**What you need to do:**
Pictures are to be left out, and only the lines below starting at the one with "fiber boat stolen." and ending at the one with "هنالك الكثير من" are to be reproduced, each exactly, both ends included.

**Data shown:**
+--

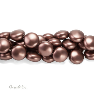Swarovski 5860 Coin — плоский хрустальный жемчуг. Размер: 12 х 7 мм, отверстие: 1 мм. Цвет: бархатисто-коричневый / Velvet Brown (#951). Материал: стекло с инновационным перламутровым покрытием, имитирующим натуральный жемчуг. Производство: Австрия. Цена указана за 1 шт.
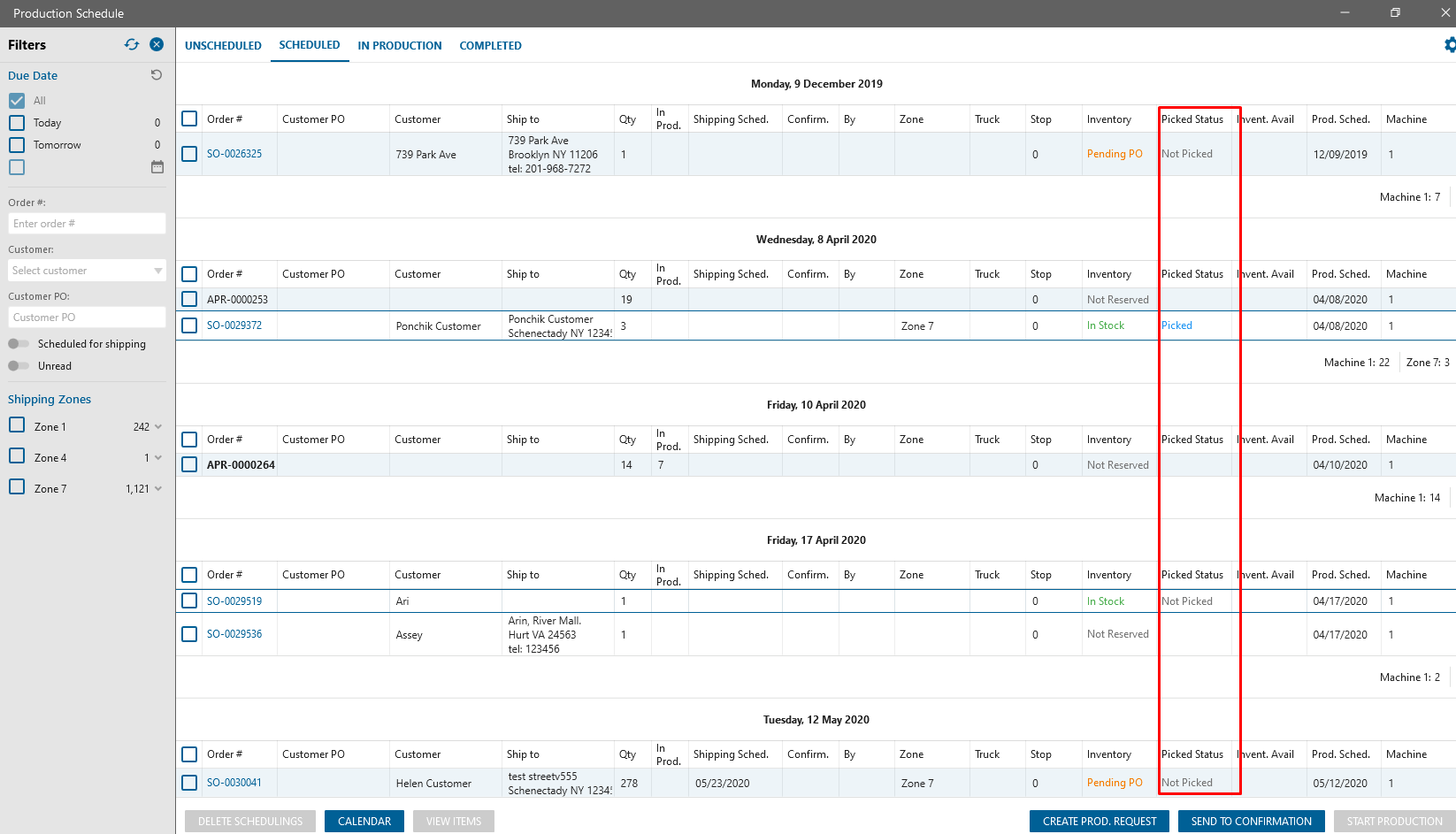 Added on the Production Schedule screen Picked status column
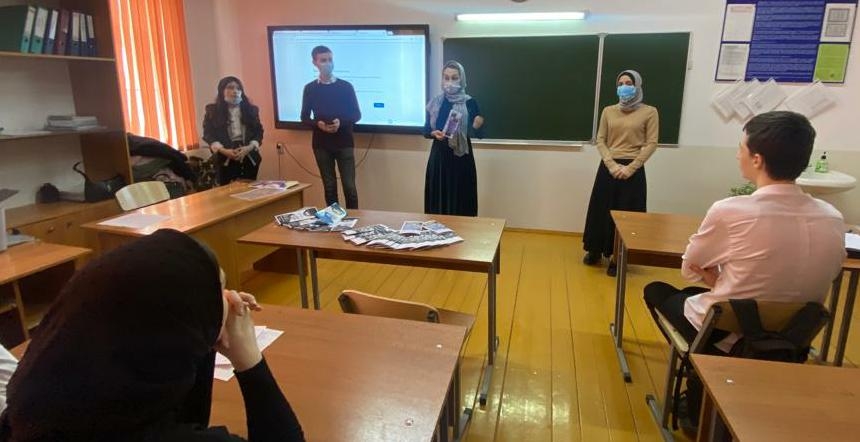 В рамках реализации нацпроекта "Образование" и федеральной программы "Успех каждого ребенка", с целью профориентации учащихся выпускных классов 15.02.22г.в нашей школе состоялась встреча представителей факультета иностранных языков ФГБОУ ВО "Чеченского Государственного Университета" с учащимися 9-11классов.
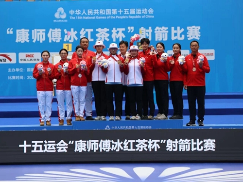 第十五届全国运动会射箭项目女子反曲弓团体赛11月19日在深圳市体育中心体育场落下帷幕。由马毅静、翟悦君、茹清宁组成的陕西队在与福建队的比赛中依靠单箭决胜时的稳定发挥,斩获铜牌。这是陕西女子射箭队自1983年组队以来,在全运会团体项目中取得的历史最佳成绩,为陕西射箭事业写下崭新一页。山东队摘得金牌,河南队收获银牌。
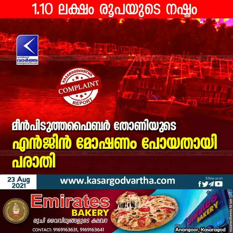 Keywords: News, Complaint, Boat, Robbery, Case, Kasaragod, Cash, Police, Investigation, Top-Headlines, Complaint that engine of fiber boat stolen.
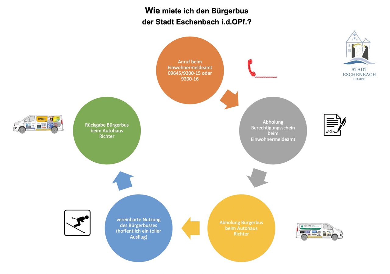 - Interessierte Bürgerinnen und Bürger fragen beim Einwohnermeldeamt der Verwaltungsgemeinschaft Eschenbach i.d.OPf. (09645/9200-15 oder /9200-16) an, ob der gewünschte Nutzungszeitraum für den Bürgerbus noch verfügbar ist.
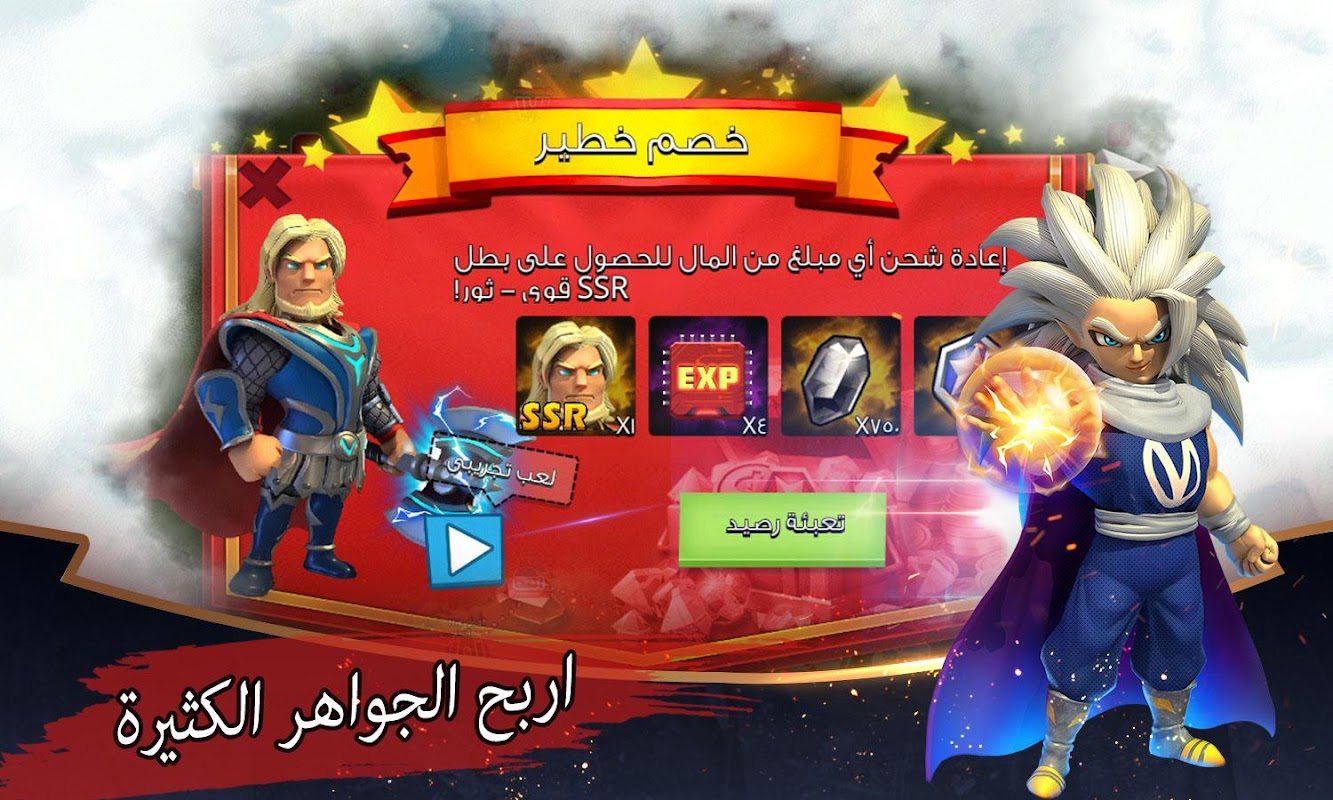 هنالك الكثير من وحوش الزومبي: الصياد و العملاق. يمكنهم مداهمة القاعدة الخاص بك ونهب الموارد! لا تخف، طور أبطالك الخارقين وتمتع بمصارعة وقتال وحوش الزومبي، وكما أيضاً يمكنك التحكم في العمل !!! يمكنك تفعيل الأبطال في الوقت الحقيقي وتطويرهم للتمتع أكثر بمصارعة وحوش الزومبي !!
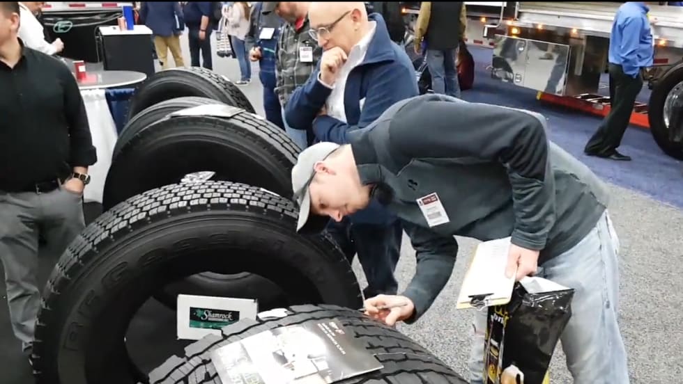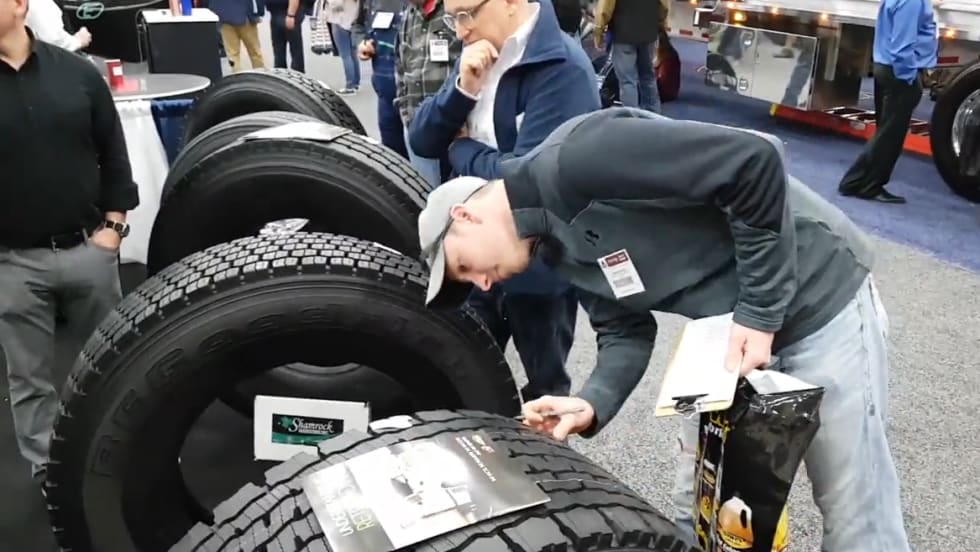 David Stevens, managing director of the Tire Retread & Repair Information Bureau, explained the purpose behind the group's annual Spot the Retreads contest at the 2018 Mid-America Trucking Show. Participants had to spot which tires were new and which were retreads from a set of 10 different tires.

+--

**Solution to this exercise:**
 Keywords: News, Complaint, Boat, Robbery, Case, Kasaragod, Cash, Police, Investigation, Top-Headlines, Complaint that engine of fiber boat stolen.
 - Interessierte Bürgerinnen und Bürger fragen beim Einwohnermeldeamt der Verwaltungsgemeinschaft Eschenbach i.d.OPf. (09645/9200-15 oder /9200-16) an, ob der gewünschte Nutzungszeitraum für den Bürgerbus noch verfügbar ist.
 هنالك الكثير من وحوش الزومبي: الصياد و العملاق. يمكنهم مداهمة القاعدة الخاص بك ونهب الموارد! لا تخف، طور أبطالك الخارقين وتمتع بمصارعة وقتال وحوش الزومبي، وكما أيضاً يمكنك التحكم في العمل !!! يمكنك تفعيل الأبطال في الوقت الحقيقي وتطويرهم للتمتع أكثر بمصارعة وحوش الزومبي !!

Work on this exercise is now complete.